/*

Dace

dace

The Dace is distributed throughout the whole of Europe, with the exception of Scotland, northern Scandinavia and southern peninsulas. It inhabits the swift reaches of brooks, torrents and rivers from the trout zone as far as the bream zone. It swims in small groups, mainly near the bottom, where it eats insects and their larvae, molluscs, fish eggs, fry and to a lesser extent also plant fragments. Towards evening and at night it swims up to the surface, where it hunts insects which have fallen on to the surface. In muddy water, it likes to collect earthworms which have been washed into the water after rains. It starts to spawn in the third and fourth year of its life, spawning from March to May in overgrown shallows with current. In cool waters it spawns later, sometimes not until June, depositing eggs on plants and their underwashed roots or directly on to the stony bottom. Unlike most fishes, which migrate to higher reaches to spawn, the Dace descends from the trout and grayling zones to lower reaches. In the breeding season the male can be distinguished by the spawning rash on its head, body and paired fins. The female lays 2,500-27,500 eggs 2 mm in diameter.

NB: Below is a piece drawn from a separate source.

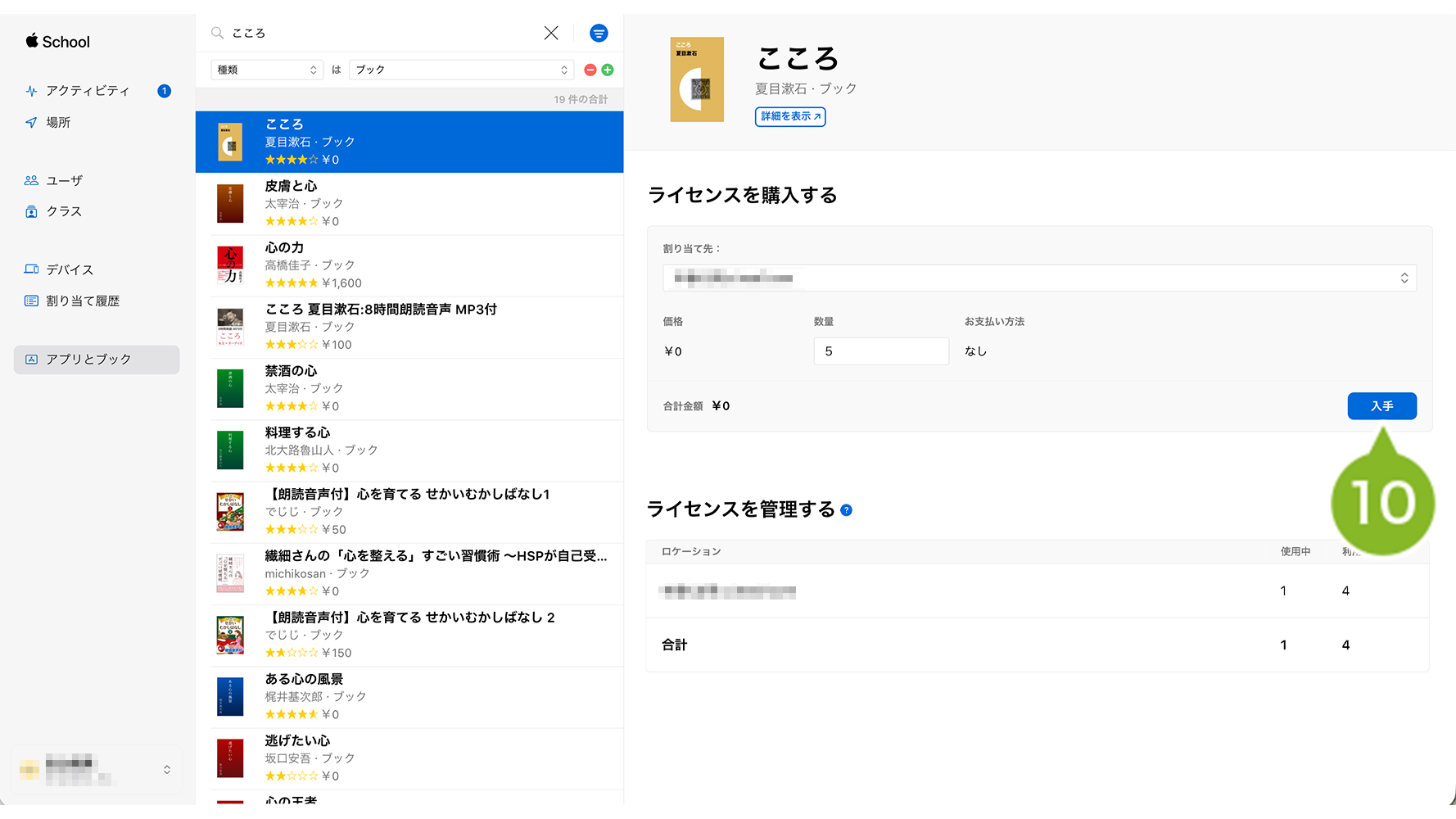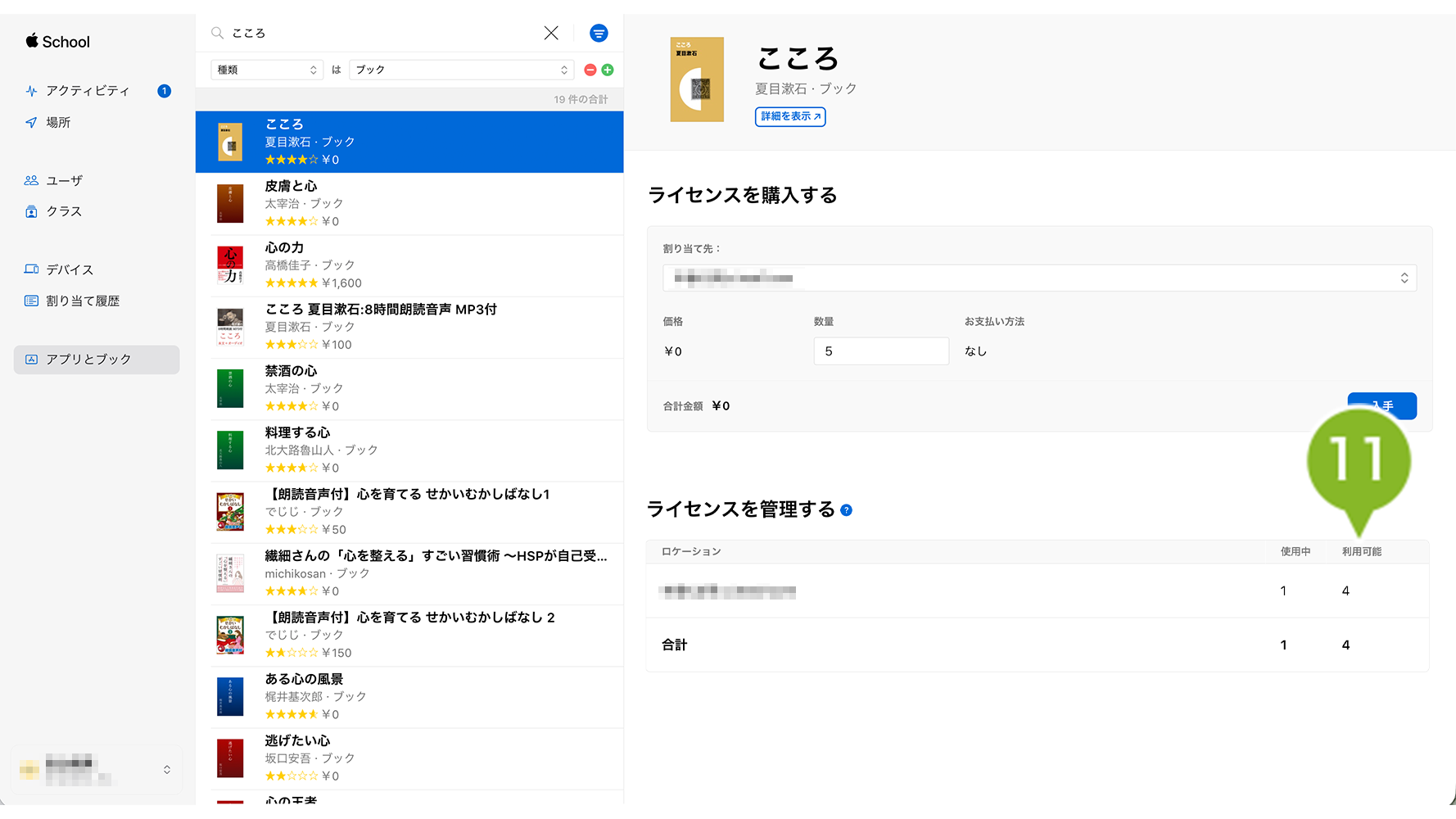 11. 購入後、「ライセンスを管理」項目の「利用可能」の数量が更新されます。

After hatching and digesting the yolk-sac, the fry throng in large shoals. As the fish gradually grow older, however, the shoals decrease in size until they disintegrate into a large number of small groups. The Dace is not a particularly abundant species, its meat moreover being of low quality with many intermuscular bones. It is occasionally fished for by anglers, most offen using an artificial fly.